Mutism and stupor are the principle signs, but if someone has one sign, they often have 4 or more. According to Fink and Taylor, the symptoms need to be present for an hour or longer, and reproducible on two or more occasions. As the disease progresses, patients become malnourished, dehydrated, lose weight, develop muscle wasting, contractures and develop bed sores. Sometimes because they stay so still, they can die from DVT or PEs.
This is most often seen in patients with major depressive disorder, melancholic depression, severe schizophrenia, or severe bipolar depression.
This state is considered a medical emergency—without treatment patients can eventually die from the catatonia.

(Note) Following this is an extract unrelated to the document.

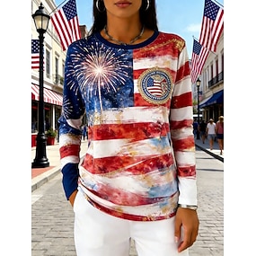 Amerikaanse onafhankelijkheidsdag Dames T-shirt Afdrukken Grafisch Vlag Ster Modieus Basic Klassiek Lange mouw Strakke ronde hals Normale tops Dagelijks Uitgaan Weekend blauw Rood Zomer Lente Herfst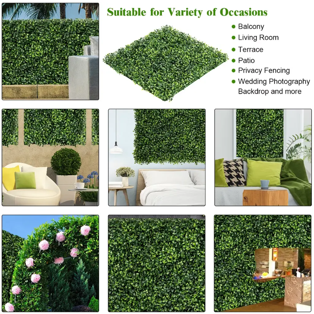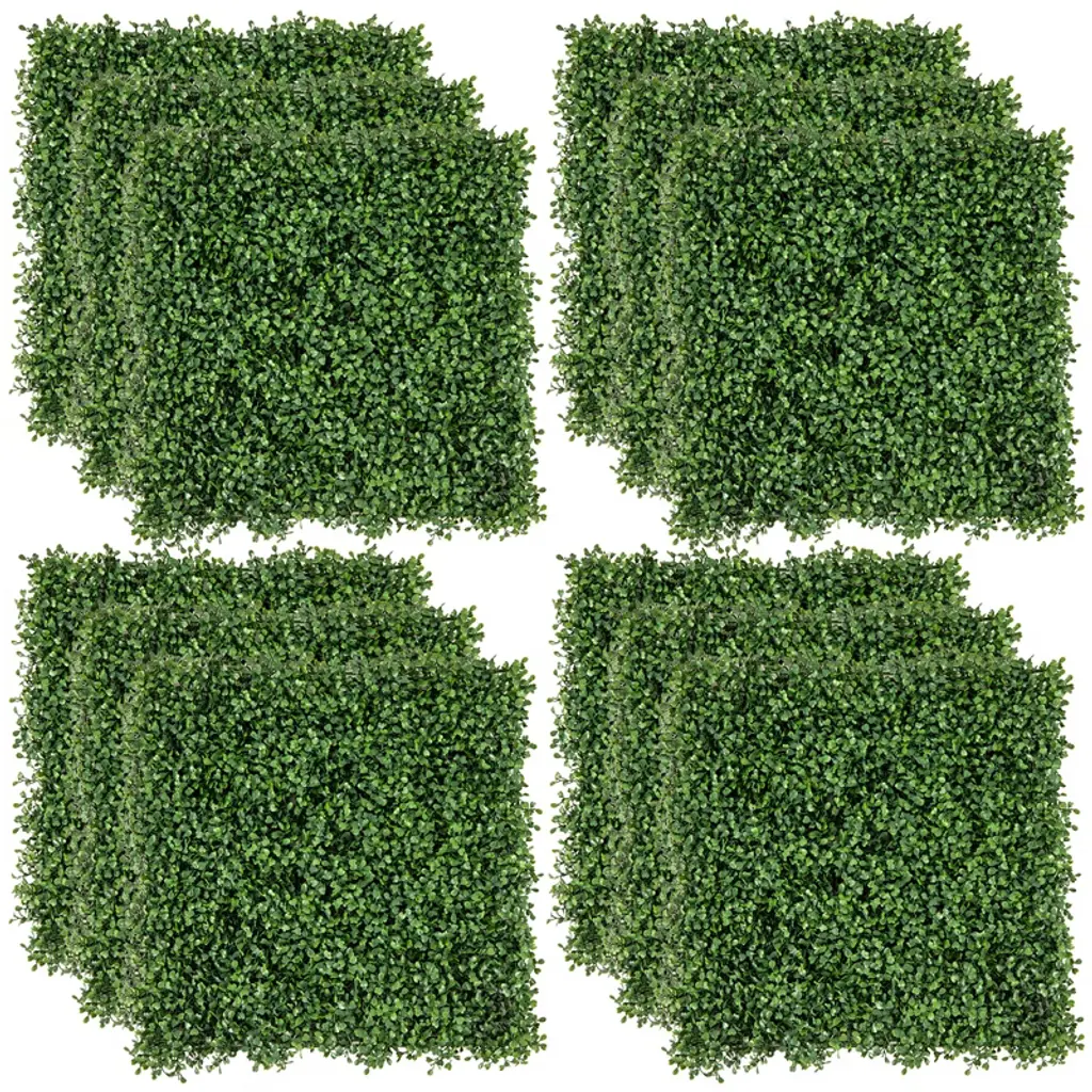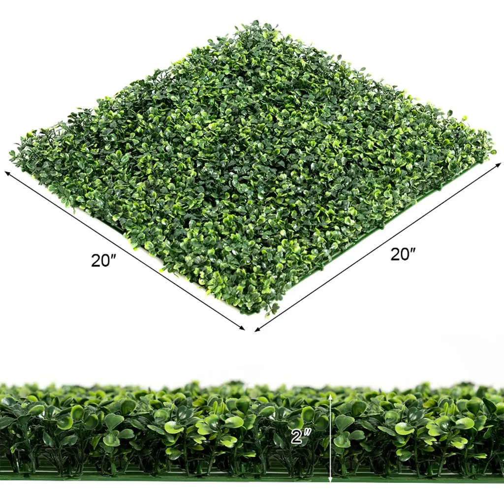 Our long-lasting and environment-friendly artificial boxwood wall panel is made of premium new PE material, which can be used for long time without withering or fading. There are 12 panels in all and each of which is 20" x 20" in size. They can provide you with 33 square feet of cover area in total. Also the artificial screen can act as a shelter for privacy. Because of the natural and grassy appearance, our wall panel is a perfect decoration to be used for beautifying and renovating your backyard fences, yards, gardens, courtyards, walkways and indoor rooms. This panel will provide you with a natural feeling!FeaturesPremium new PE material for durability SGS certified materials are absolutely safe Natural appearance can match perfectly with patio Perfect for backyard, gardens, walkways and indoor rooms Lightweight panels to provide comfortable using experience Easy to assemble and use Specifications: Color: Green Main material: New PE Net Weight: 15.4 lbs per box Overall Dimension: 20'' x 20'' (L x W) Thickness of each panel: 1.6'' Package includes: 12 X Artificial Boxwood Wall Panel 1 X Instruction

Dr. Puder remembers a patient with bipolar type 2 who became catatonic; he stopped drinking and eating. At an appointment with his primary care provider, this patient fell over due to hypotension. It was then found that he had not been talking at home as much, and had long speech delays. His hypotension stemmed from him losing the urge to drink fluids. This points to the importance of spotting the more subtle signs of catatonia before it evolves to its severe form.
For a diagnosis, there needs to be 2 or more of the classic signs (Fink & Taylor, 2003)
Mutism - decreased speech, silent and unresponsive in speech, not always accompanied by stupor or immobility
Stupor - persistently unresponsive, unaware of surroundings, can be difficult to distinguish from mutism, they may become energized for a few hours in something, looking like a manic excitement
Posturing
Waxy flexibility
Stereotypy
Automatic obedience
Ambitendency
Echophenomena
Mannerisms
How Does Catatonia Progress?
Classic signs of catatonia include mutism and stupor. In its extreme form, the patient is in a frozen state and mute—this is difficult to miss. However, in its subtle form, it is often missed and recognizing the signs is important for early diagnosis.
Early signs of catatonia:
Increased speech latency (patient responds, but there is an increased length of time for response to begin).
Gradually evolves into partial mutism (patient responds only sometimes).
Echolalia may start subtly; it may begin with the patient repeating the last words of the examiner then they may give an answer, the more severe if becomes it will evolve to them only repeating the examiners words.
Motor activity also follows this course; the patients movement will initially appear slowed and will start evolving into holding unusual postures for long periods of time. Eventually they will become “frozen”, where they can be put in a position by someone else and they will hold that position (waxy flexibility).
Echopraxia may also start subtly; it can begin with the patient occasionally mimicking the examiners movements, but eventually evolve to them completely mirroring the examiners movements; this gives way to a loss of movement all together.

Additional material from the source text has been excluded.